Я была огорчена до предела и не могла заснуть.

Может, он не хотел меня из-за того, что я была замаранная, грязная после другого? Такое не могло ускользнуть от чуткого поэта. Может, я уже на всю жизнь стала негодной? Нет, с ним, этим святым человеком, я бы вновь обрела чистоту. Любовь спасла бы меня! Но о чем я вообще думала? Ведь я до сих пор чувствовала боль и онемение после этого кошмара. Да, конечно, лучше мне сегодня поспать одной, прийти в себя. И все-таки нет. Я желала его, как истомленный жаждой — воды, я лежала в постели, напрягши живот, как натянутая стальная пружина: одно красивое движение пальцем с его стороны — и я улечу прямо в окно.

Ой-ой, вой и бой!

На следующий день он первым начал беседу за завтраком и за полдником: «Расскажите мне еще об Исландии. В ходу ли там автомобили?» Но к ужину ему понадобилось уехать с хутора, Карл-Хайнц отвез его на мотоцикле с коляской. Я поужинала с Карлом «Nicht Heinz», который жрал мясо как волк (рвал куски зубами) и говорил, что он — будущий кузнец из Саарбрюккена, эдакий оболтус с крупными чертами лица. Вокруг носа у него все было ярко-красным. Как будто неделю назад его большой нос вдавали ему в лицо, и кожа до сих пор не зажила. Исландией он не интересовался, и общаться с ним было возможно только на одну тему: эстакады, которые он считал важным нововведением, а то и вообще главным вкладом немцев в мировую культуру. «Это такие мосты, но не над реками или ручьями, а над дорогами, другими дорогами. Дорожные мосты. Подумать только. Эстакады». Вот-вот. Поди-ка ты прочь от моих ушей куда подальше, чтобы бомба, которой тебя прихлопнет, не взорвала мне барабанные перепонки.

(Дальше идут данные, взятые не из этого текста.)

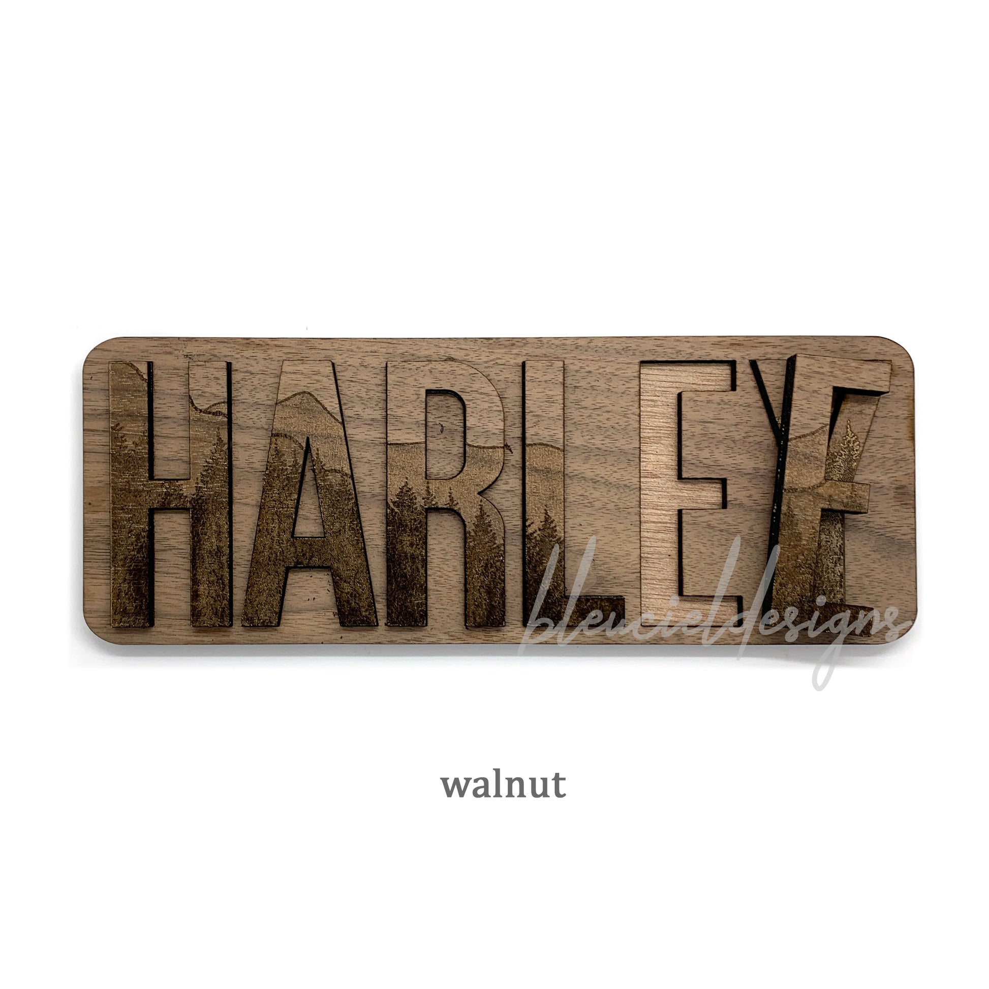 Our mountain name block features a mesmerizing engraving of mountains and forests over the letters.

Конечно же, армейская субординация была беспощадной. Неученую каску гнала навстречу опасности высокообразованная фуражка. Ум — это платежное средство жизни. А его у Хартмута была целая сокровищница, в то время как Карлы — Хайнц и Не-Хайнц — получили от жизни всего лишь пригоршню монет. Но насчет ума есть такая забавная вещь: чем его больше, тем реже ему сопутствует счастье. У средних умов жизнь протекает нормально: они имеют ровно столько, сколько нужно, чтоб суметь пробраться сквозь сутолоку, и лишены ровно столького, сколько нужно, чтоб захотеть влезть на возвышение. А я ручаюсь чем угодно: самые опасные личности в каждой стране — это, видимо, всегда так называемые «самоучки»: псевдообразованные полумозговитые кухонные проповедники с прищемленной творческой жилкой или карлики с манией величия, на ходу сочиняющие себе гигантский рост. По этой причине мы никогда не видим настоящих культурных, образованных людей на руководящих постах, а все-то одних сплошных стюардесс да юристов.

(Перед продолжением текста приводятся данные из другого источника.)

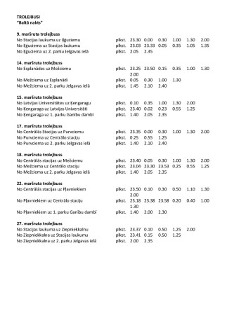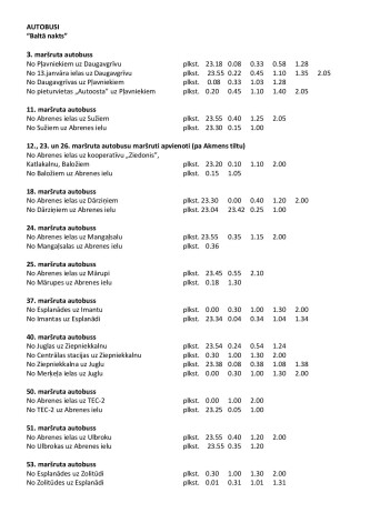 Papildu reisi tiks organizēti, apkalpojot pēc iespējas lielāko daļu Rīgas mikrorajonu un nodrošinot pasažieru nokļūšanu uz/no „Baltās nakts” pasākumiem:
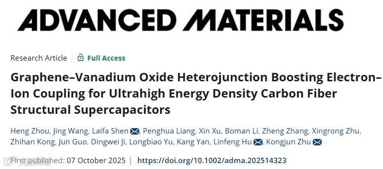 H. Zhou, J. Wang, L. Shen, et al. “ Graphene–Vanadium Oxide Heterojunction Boosting Electron–Ion Coupling for Ultrahigh Energy Density Carbon Fiber Structural Supercapacitors.” Adv. Mater. (2025): e14323.
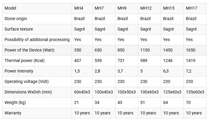 With infrared heating of marble you have energy savings up to 20% due to heat capacity compared to conventional panels
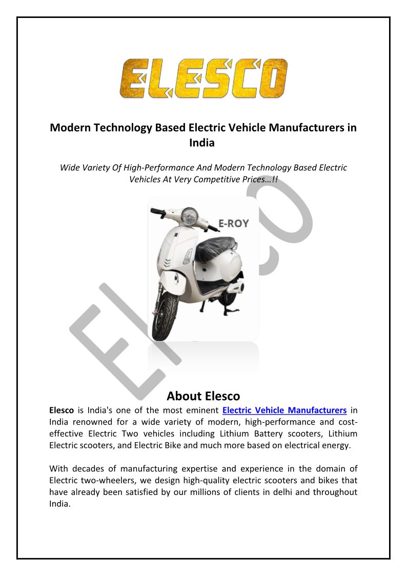 Modern Technology Based Electric Vehicle Manufacturers in India
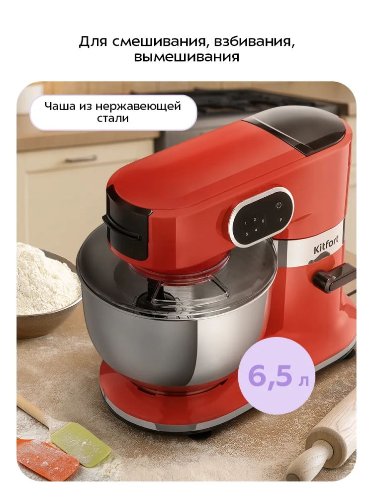 Миксер оснащен чашей емкостью 6,5 литров. Чаша изготовлена из нержавеющей стали, она прочная, и в ней можно смешивать даже горячие ингредиенты.

Хотя польским я владела только на лошадином уровне, я решила лучше уж общаться с Яцеком, чем с придурком кузнецом. Фермер был тактичным флегматиком, который своим спокойствием немного напоминал Йоуна с Глинистой речки, человека, о котором в моей книге будет рассказано ближе к концу. Тут его сделали пленником в собственном доме и заставили подчиняться господам, которые были на целую жизнь младше него, отобрали у него землю, обратили его сыновей в бегство, а его жену убили в коровнике. Но по его манере держать себя было видно, что его душа оставалась незавоеванной. Он выполнял все работы крайне медленными движениями, потому что в своей душе он сокрыл широкий зеленый луг, который немцы никогда не видели, и через который даже не могла перелететь их птица-война. Это был большой участок, и двигаться по дому и по кухне быстро, нося его внутри, никак не получалось.

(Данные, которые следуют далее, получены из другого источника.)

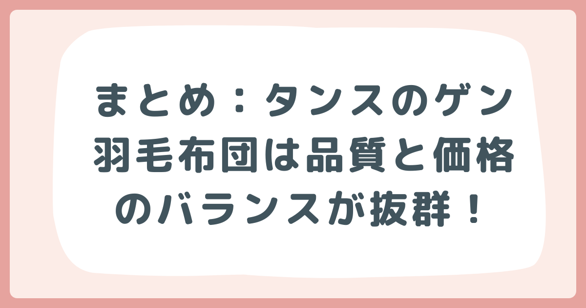 まとめ:タンスのゲン羽毛布団は品質と価格のバランスが抜群!

Они вернулись в полночь, Хартмут и Карл-Хайнц. Я изогнулась на стуле на кухне над польским кроссвордом в тщательно продуманной небрежной позе: с обесшкуренными грудями и заголенными коленками, задранными вверх, перед открытыми дверьми, будто начинающая проститутка. Но все напрасно. Хартмут был мрачен, когда вошел с крыльца, и направился прямиком в ванную. Когда он наконец явился вновь, у меня уже начали болеть коленки. Он быстро заглянул в коридор и в кухню, на сидевшую там голоногую девицу, но я не извлекла из этого взгляда ничегошеньки. Он был очень коротким и абсолютно пустым. Затем Хартмут прошел к себе и закрыл дверь. Теперь я могла высвободиться из блядской позы.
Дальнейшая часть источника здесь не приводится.